Transportation

Transportation jokes

Car

What is the difference between runners and my car?

My car is still running.

Tire

What does an Asian say when his car tires burst on the highway?

"Some Ting Wheely Wong!"

Plane Ticket

If you give a man a plane ticket, he will fly for a couple of hours, but if you push a man out of a plane, he will fly for the rest of his life :)

People

Blind people driving on the highway would be the world's biggest, and shortest game of bumper cars!

Titanic

*Titanic was sinking.*

Passenger: Hey, captain, how far away are we?

Captain: Two miles.

Passenger: Which way are we going?

Captain: Down.

Yo mama

Yo mama is so fat, when she wore yellow, the kids thought they missed the bus.

Crush

My crush rejected me 2 years ago, and I still have never moved on. I'll be over her when a train is over me.

Fly

What's the last thing to go through a fly's head as it hits the windshield of a car going 80 mph? Its butt.

Orphan

Most orphans were born on the highway.
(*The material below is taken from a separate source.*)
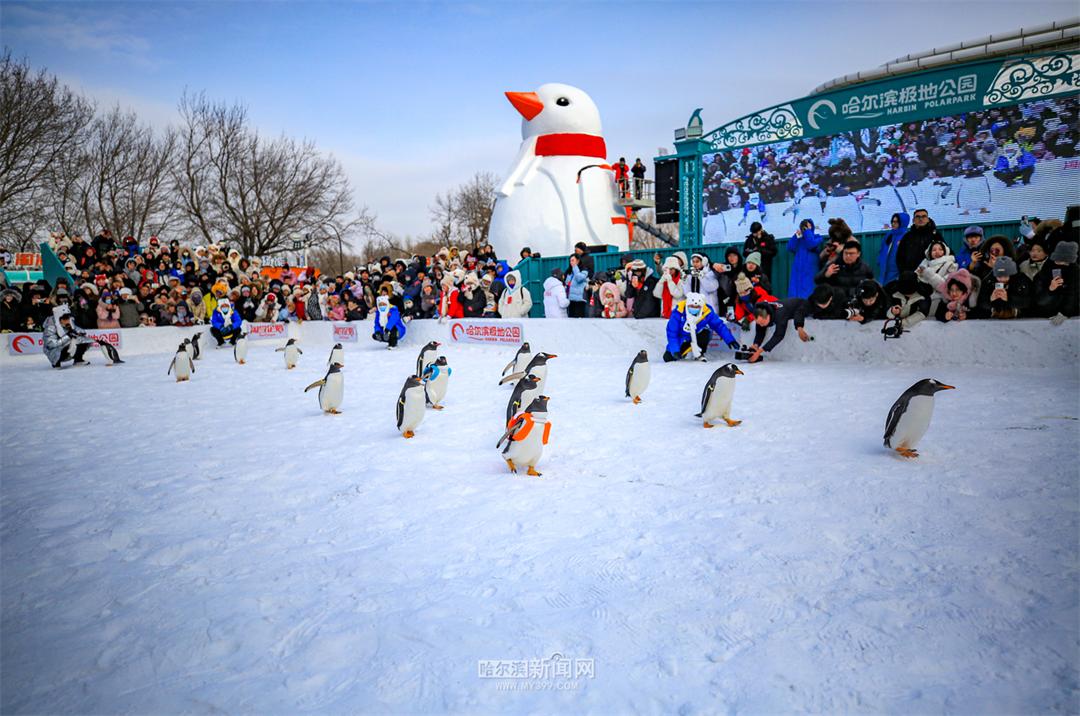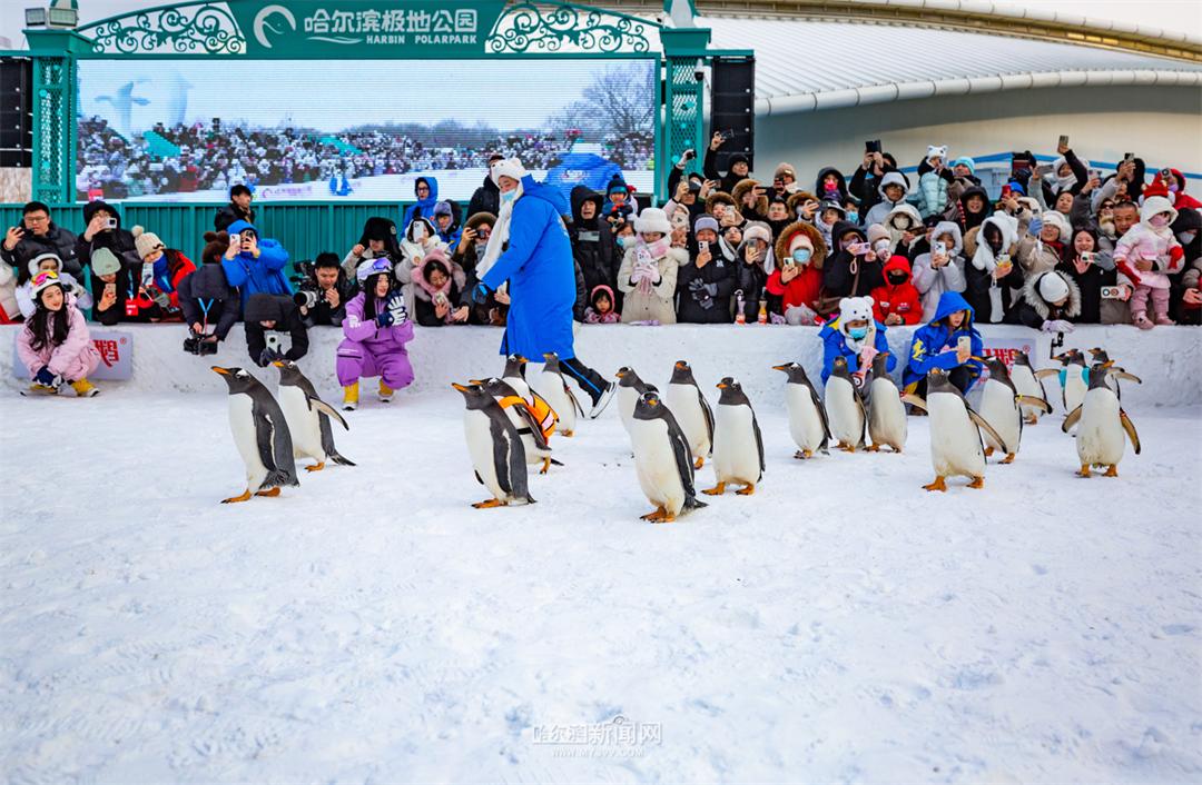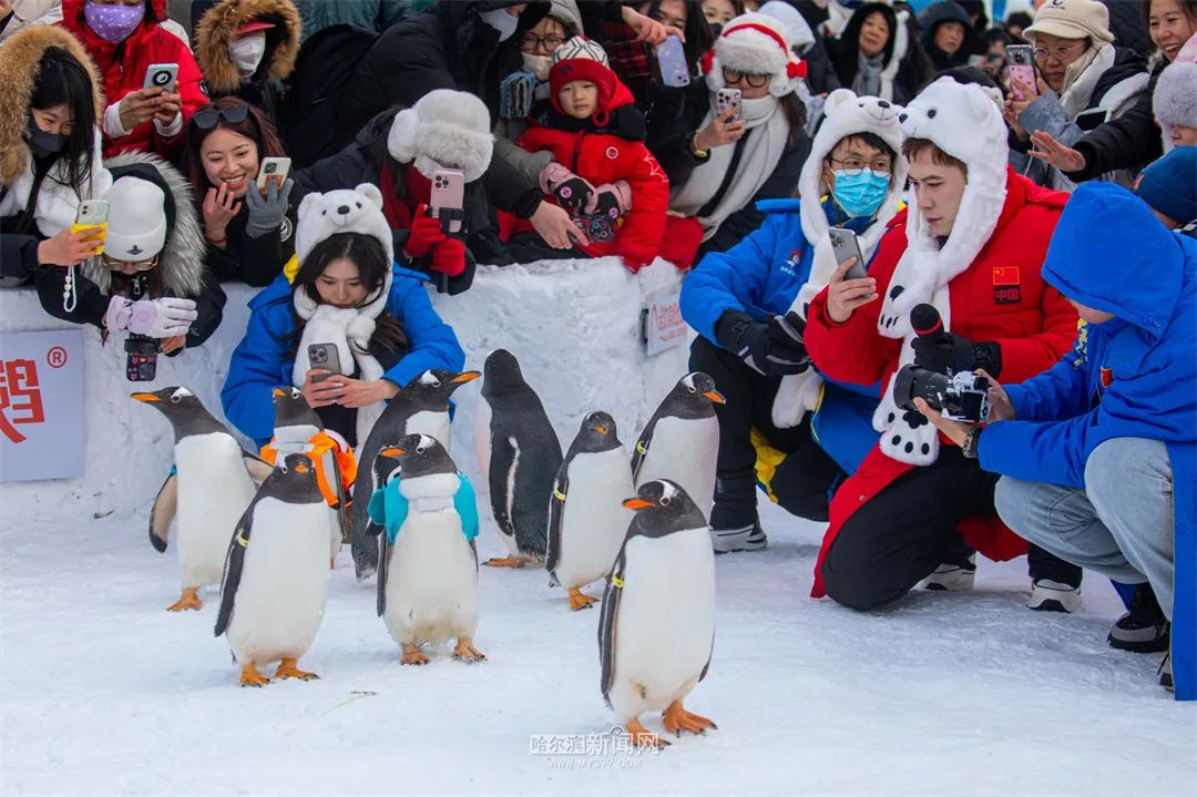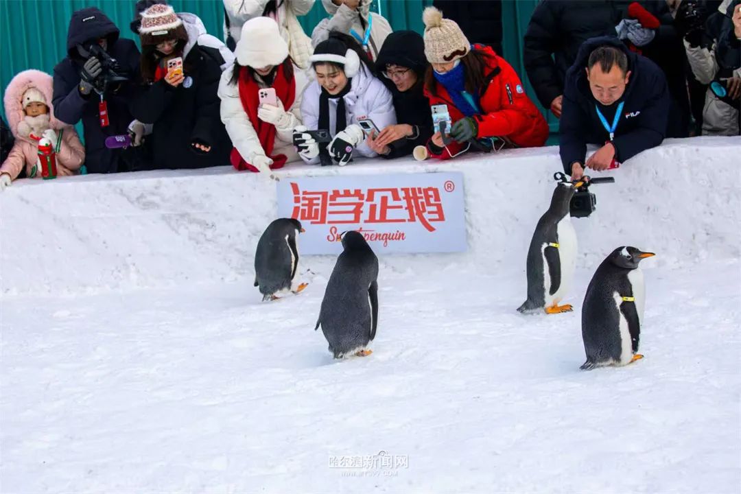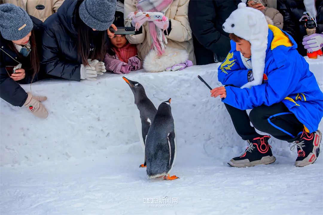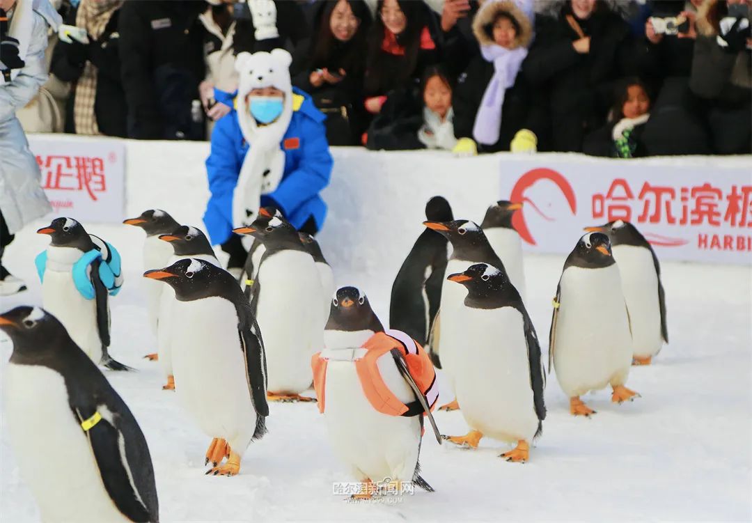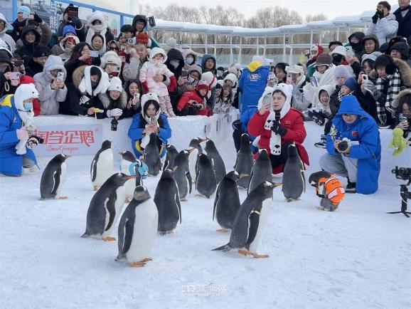 游客大喊“看不够!”哈尔滨极地公园第一场“淘学企鹅”冰雪巡游开启。

It’s where most accidents [happen].

Orange

Why couldn’t the orange cross the road? Because it ran out of juice.

Bike

Why couldn't the bike stand up by itself?

'Cause it was two tired!

Bus

Q: What’s yellow and can’t swim?

A: A bus full of children.

Difference

What is the difference between a hundred dead babies and a Ferrari?

I don't have a Ferrari in my garage!

Yo Momma

Yo momma's teeth so yellow, when she smiled at traffic, all the cars slowed down.

Girl

A girl in my class started barking, and I yelled out, "Furry!" Everyone started laughing at her, and I felt bad. After school, I asked to drive her home, and one the way there I apologized and then told her to count down from 10 - 1. Before she said one, I yelled, "THERE CAN BE ONLY ONE!" then I jumped out the car.